Members of the press were decidedly unimpressed when Hillary Clinton came out Wednesday against the White House’s trade deal with Pacific Rim countries, and it appears that criticism won’t let up any time soon.
“I don’t believe this is Hillary Clinton’s actual position on the deal,” said Bloomberg News’ Mark Halperin Thursday morning, echoing a sentiment widely shared by reporters and commentators on both sides.
Larry Sabato, director for the Center of Politics at the University of Virginia, said Thursday on CNN that Clinton’s change of heart is “transparently political. This is part of the presidential campaign’s panderama. She’s pandering.”
Vox’s Ezra Klein wrote Thursday morning, “I’m not convinced that Clinton, in office, wouldn’t … negotiate trade deals like the TPP. And as someone trying to understand Clinton’s likely governing philosophy, it’s unnerving.”
“And this is a broader problem for Clinton. Her political weakness, fairly or not, is that the voters and the media — or maybe it’s the media and, thus, the voters — have decided that she’s unusually poll-tested and calculating, even for a politician,” he added.
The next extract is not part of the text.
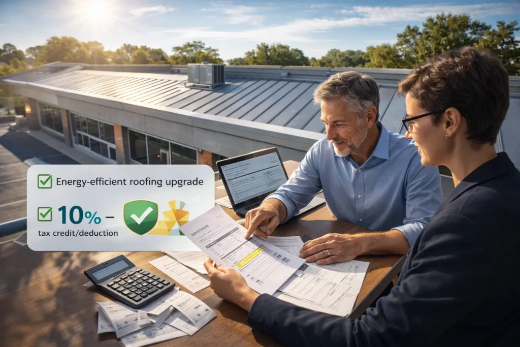 The energy efficiency of the roofing materials can affect how much of the cost is tax deductible. You may qualify for up to 10 percent of the expense of certain qualifying energy-efficient products or installations that meet or exceed requirements set by the IRS code.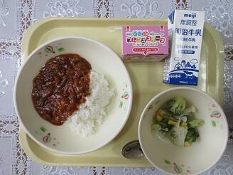 今日の給食は、卒業お祝いメニューで、ご飯、牛乳、ハッシュドポーク、花野菜サラダ、お祝いデザート(お米ケーキいちご味)です。高根沢町で生産された物は、にんじん、たまねぎ、トマト、米です。今日もたいへんおいしく頂きました。3年生は、今日が最後の給食になります。

As secretary of State, Clinton played a crucial roll in getting the ball rolling on the White House-backed Trans-Pacific Partnership. She used to claim as much.
She also often praised the deal, saying at one point in 2012 that it “sets the gold standard in trade agreements to open free, transparent, fair trade, the kind of environment that has the rule of law and a level playing field.”
“And when negotiated, this agreement will cover 40 percent of the world’s total trade and build in strong protections for workers and the environment,” she added.
Now, however, she claims she simply can’t support the deal.
Her campaign to distance herself from a plan that has drawn sharp criticism from labor unions began earlier this year when she claimed in July that she had minimum involvement in the crafting of the deal.
Considering that her about-face comes at a time when Democratic rival Sen. Bernie Sanders, I-Vt., who has opposed the deal from the get-go, continues to rise in the polls, the press appears convinced that Clinton’s opposition is little more than political opportunism.
Clinton “needs those volunteers while campaigning and of course her opponents like Sanders and O’Malley had already come out against this new trade agreement. And she wants to box in Joe Biden who if he jumps in will have to defend President Obama’s decision to support it,” Sabato said.